Юнкерс покрутил головой, ища мажордома Гошу, бывшего оперного певца:
– Гоша, а где песни? Я тут распорядился немного, сейчас будут песни – правильные, наши песни!
«Кухоньку» закачал вальс «Амурские волны», сменившийся на «На сопках Маньчжурии».
Пять дней назад Юнгеров объяснял чесавшему затылок Гоше:
– На один диск собрать «Славянку», «Мы так давно не отдыхали», «Нас извлекут из-под обломков» и так далее… Ты же музыкант, Гоша, хоть и бывший. Ты общую интонацию уловил? А то тебя самого вместе с консерваторией из-под обломков извлекут. Привыкли, понимаешь, к попсе… Поставь раком все музыкальные салоны. Денег не жалеть. Чтоб за такие деньги они, в случае чего, сами и спели, и сплясали…
Александр Сергеевич выпил с Крыловым на брудершафт:
– Я обнимаю тебя, Петя! Я ни о чем не жалею! И не пожалею ни о чем! Я счастлив, что меня привезли в твой лагерь! А Хозяин[6], Хозяин-то у нас был какой! Ой! Ай! Как из кинофильма про ужасы тридцатых годов! В папахе, в тулупе, с портупеей, пьяный в хлам! Вспомнить жутко!
– Да ну тебя, Сергеич… аж озноб пробежал, – и впрямь поежился Крылов. – Уф… До сих пор…
– А все ж таки мы его на свою сторону убедили, – победно заулыбался хозяин «Аэродрома». – Недавно в гости приезжал…
– Да уж докладывали… – хмыкнул Крылов. – Хулиганство заминать пришлось… Витрины в китайском ресторане словно не бывало.

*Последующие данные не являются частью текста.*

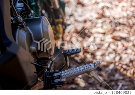 バイクのエンジンとステップ、メカニカルなディテール、彩度高め
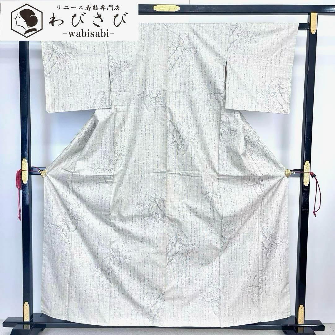 - 本場大島紬 白大島 カタス7マルキ 柳の木 灰白色 K-4092 着物 きもの kimono 和服 和装 中古 リサイクル着物 【送料無料】
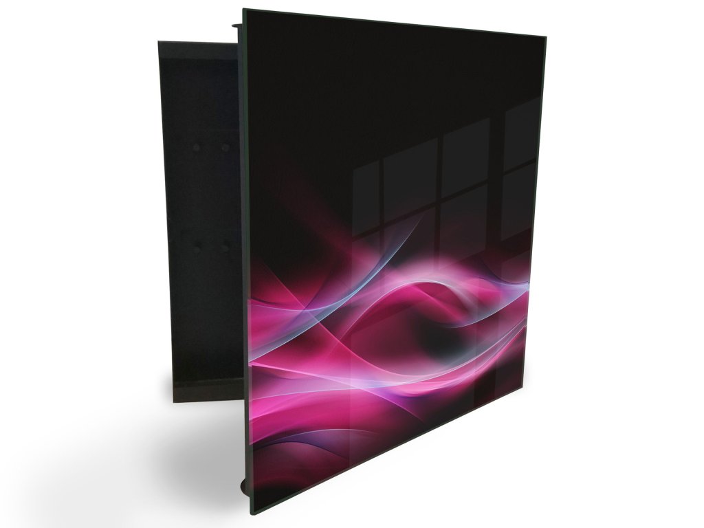 Glasdekor skříňka na klíče - růžovo fialova abstrakce na černém
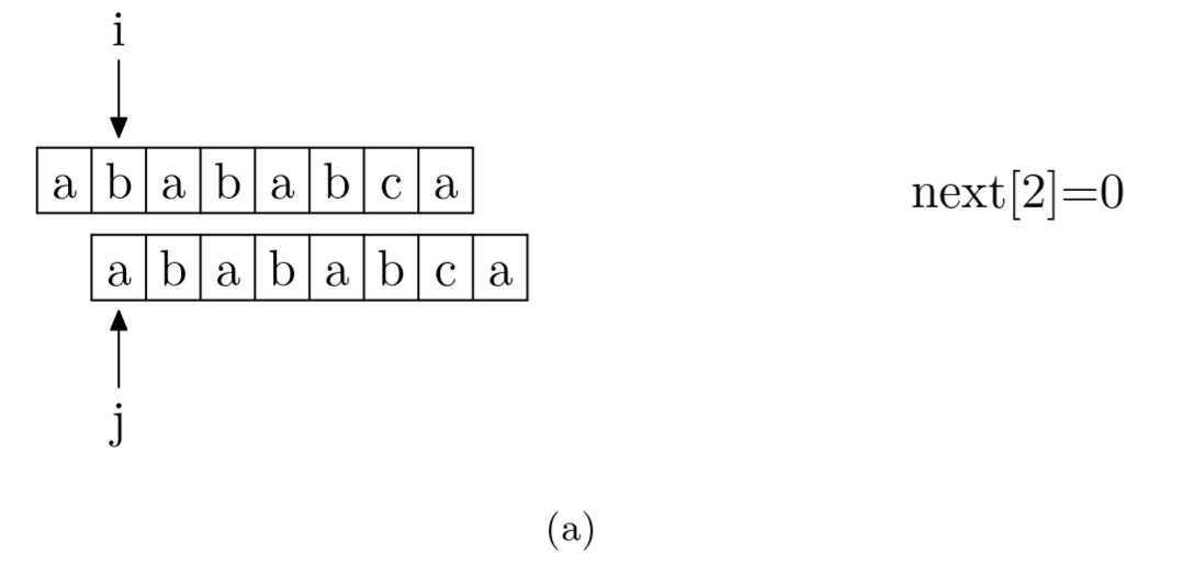 else k = next[k];//k回溯,即将第二个子串(右滑)(减小匹配的前缀长度)
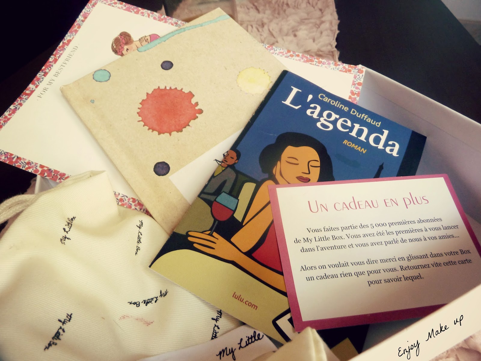 - Extrait du livre 'L'agenda' de Caroline Duffaud. Pour être sincère je n'ai pas encore eu le temps de le lire. Mais en général j'aime bien ce genre de roman. J'aurais bien aimé avoir le livre en entier quand même (oui je sais le but des boxs est de faire tester les produits ! lol). Par contre, le rapport avec la couleur ?..
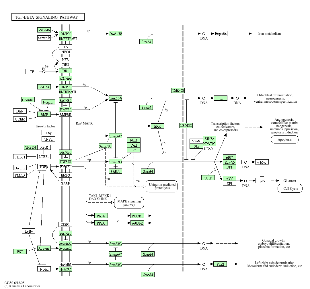 The transforming growth factor-beta (TGF-beta) family members, which include TGF-betas, activins and bone morphogenetic proteins (BMPs), are structurally related secreted cytokines found in species ranging from worms and insects to mammals. A wide spectrum of cellular functions such as proliferation, apoptosis, differentiation and migration are regulated by TGF-beta family members. TGF-beta family member binds to the Type II receptor and recruits Type I, whereby Type II receptor phosphorylates and activates Type I. The Type I receptor, in turn, phosphorylates receptor-activated Smads ( R-Smads: Smad1, Smad2, Smad3, Smad5, and Smad8). Once phosphorylated, R-Smads associate with the co-mediator Smad, Smad4, and the heteromeric complex then translocates into the nucleus. In the nucleus, Smad complexes activate specific genes through cooperative interactions with other DNA-binding and coactivator (or co-repressor) proteins.

– В японском! – Денис, правая рука Юнкерса по жестким вопросам, поднял палец. – Что значительно дороже, между прочим! Тонна баков – это без праздника внутри и мусоров в территориальном.
Александр Сергеевич, вспомнив разбитую витрину, захохотал в голос. Отсмеявшись, утер слезу:
– Я, как его увидел – ласточкой стреноженного, так низкий поклон отвесил помощнику дежурного отделения, которому он этак – по-хозяйски – нос на сторону убрал… Спасибо, говорю, братец, от души порадовал… Нос-то недорого встал, в полсотни зеленых всего… А радости-то сколько было… Кричу Хозяину сквозь слезы: «Гражданин начальник, тут вам не лагеря, в Питере нельзя в харю без разбору тыкать». А он рычит: «Сопли утри мусоркам своим питерским! Двадцать минут старика вязали. Да конвой за это время этап до Перми проволочь может!» Ой, беда была…
За столом между тем постепенно делалось шумно. Денис Волков уселся и развалился поудобнее. В него уже не очень лезло, но он норовил еще попробовать по кусманчику с каждого блюда.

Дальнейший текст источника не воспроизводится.